Molecular Simulation Prediction on SO2 Gas Adsorption in Bipyridine Ligand-Based Square-Pillared MOFs

Increasing concentrations of toxic gases caused by the burning of fossil fuels necessitates the development of efficient porous materials for gas capture. Metal-organic frameworks (MOFs) have attracted a lot of attention as potential porous materials due to their effectiveness in adsorption of toxic gases. In particular, square-pillared metal-organic frameworks stand out for their exceptional potential toward gas adsorption, attributed to their remarkable surface area, thermal and chemical stabilities, and tunable properties. In this context, molecular simulations have been executed to observe and analyze the adsorption process of toxic flue gases such as SO2 and CO2 on MOFs.
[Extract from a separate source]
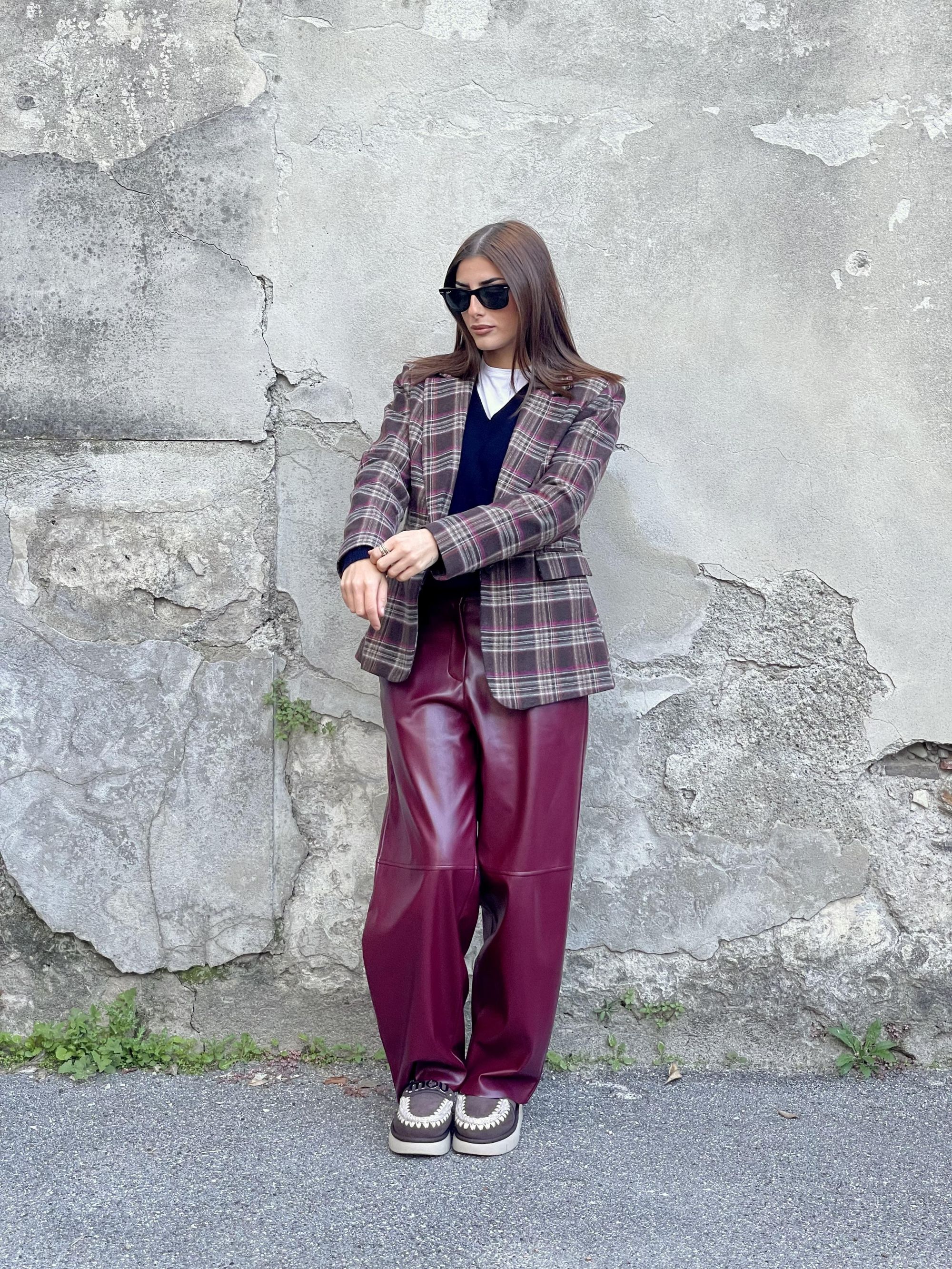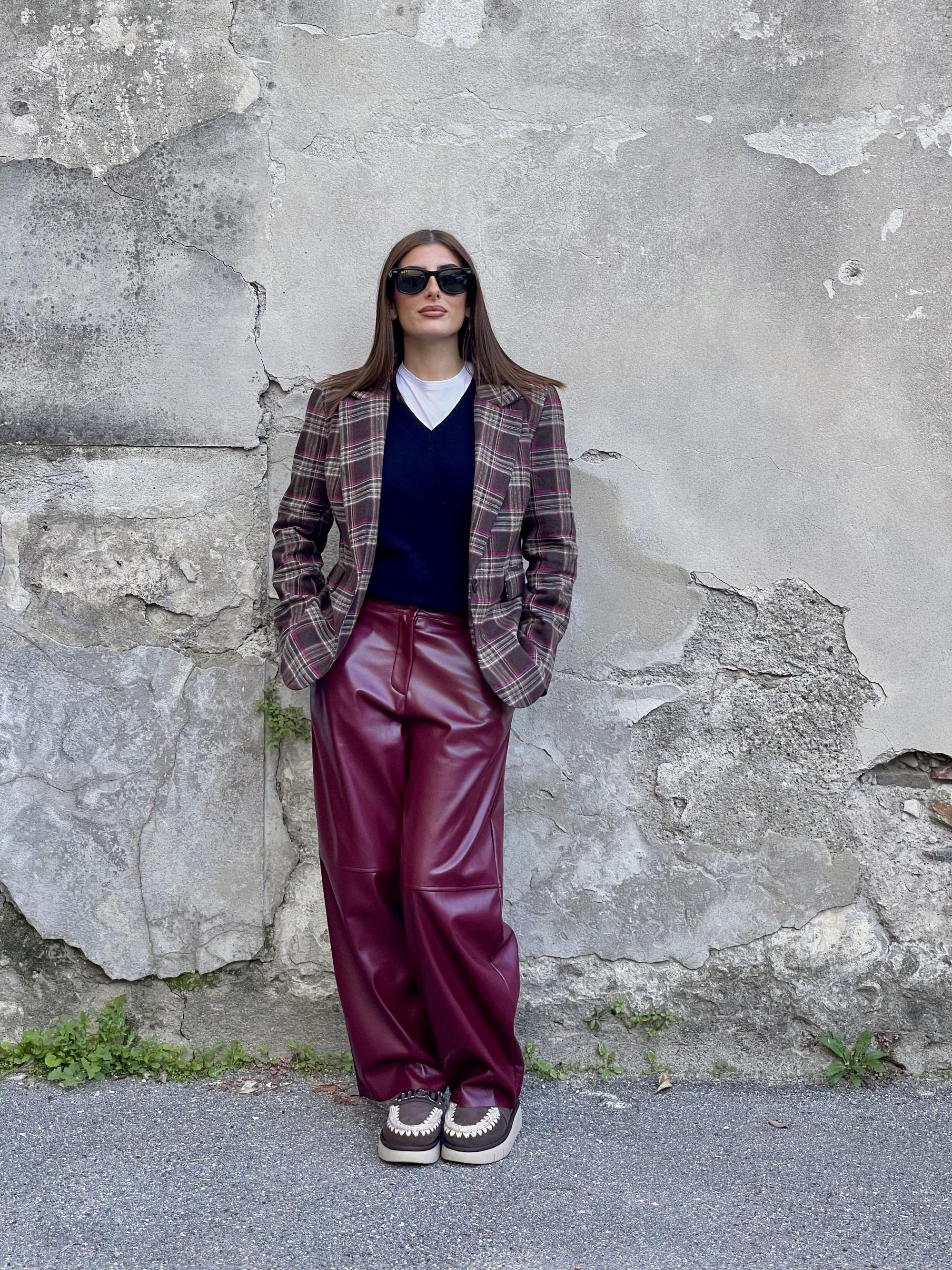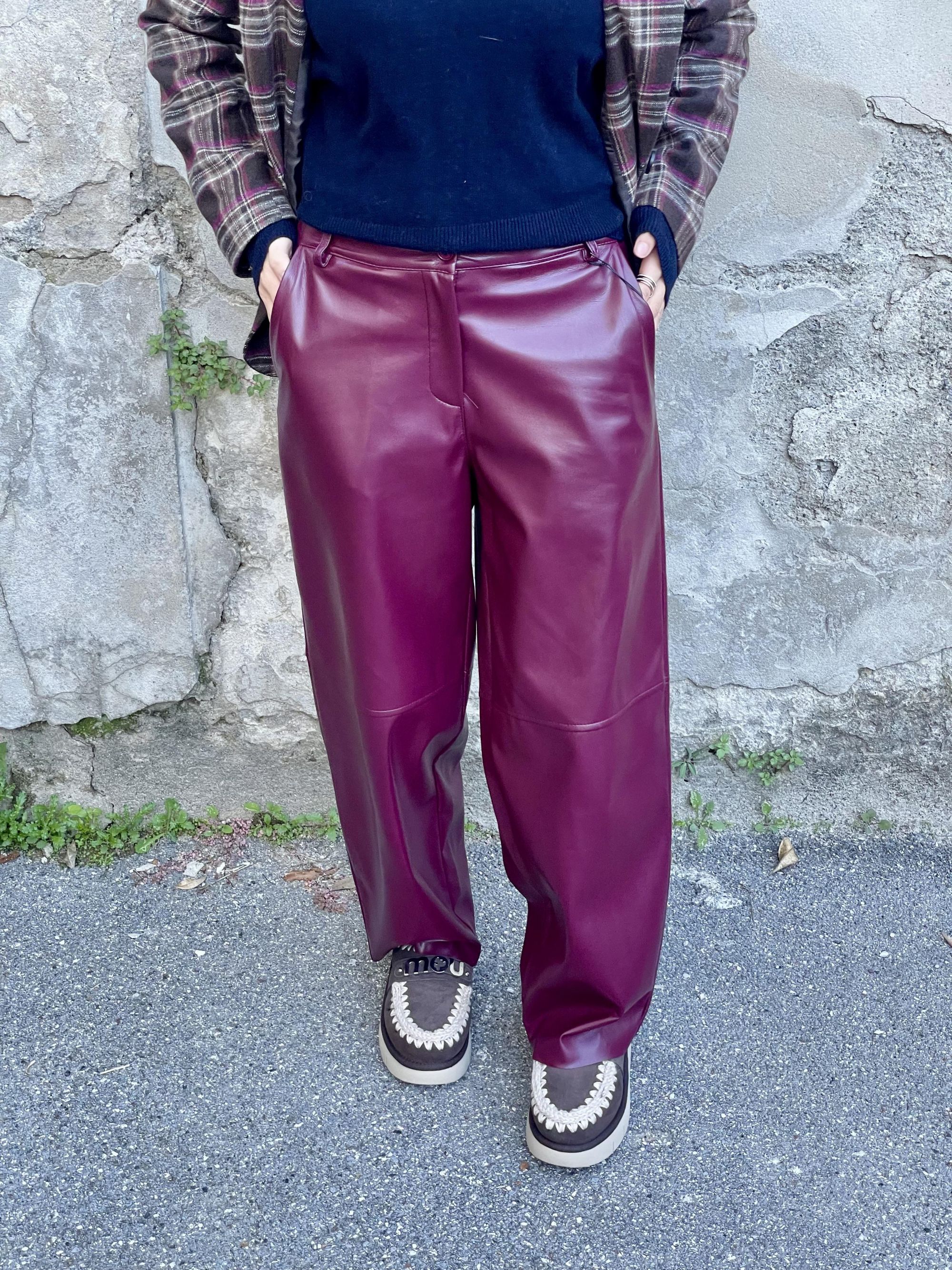 TENSIONE IN - PANTALONE BARREL IN ECOPELLE BORDEAUX ART. 225216

The present work deals with two different stable fluorinated MOFs named [Ni(4,4 '-bipyridine)(2)(AlF5)](n) (ALFFIVE-Ni-bipy) and [Ni(4,4 '-bipyridine)(2)(NbOF5)](n), (NBOFFIVE-Ni-bipy) featuring AlF52- and NbOF52- anion pillars, respectively, comprising 4,4 '-bipyridine as organic ligand and nickel as the central metal. The significance of utilizing the 4,4 '-bipyridine ligands in these fluorinated MOFs enhances the SO2 gas adsorption and selectivity in the framework. Density functional theory has been implemented for geometry optimization, and Grand Canonical Monte Carlo simulations have been performed to forecast the adsorption isotherms. Both ALFFIVE-Ni-bipy (11.4 mmol/g) and NBOFFIVE-Ni-bipy (8.7 mmol/g) showed high SO2 adsorption capacity at 1 bar pressure, but ALFFIVE-Ni-bipy showed very good adsorption than other square-pillared MOFs and also unveiled good selectivity of SO2 gas. The coadsorption of binary SO2/CO2 and ternary SO2/CO2/N-2 gas mixtures at ambient conditions indicated that the cost-effective aluminum (Al)-based square-pillared ALFFIVE-Ni-bipy is particularly suitable for acid gas adsorption.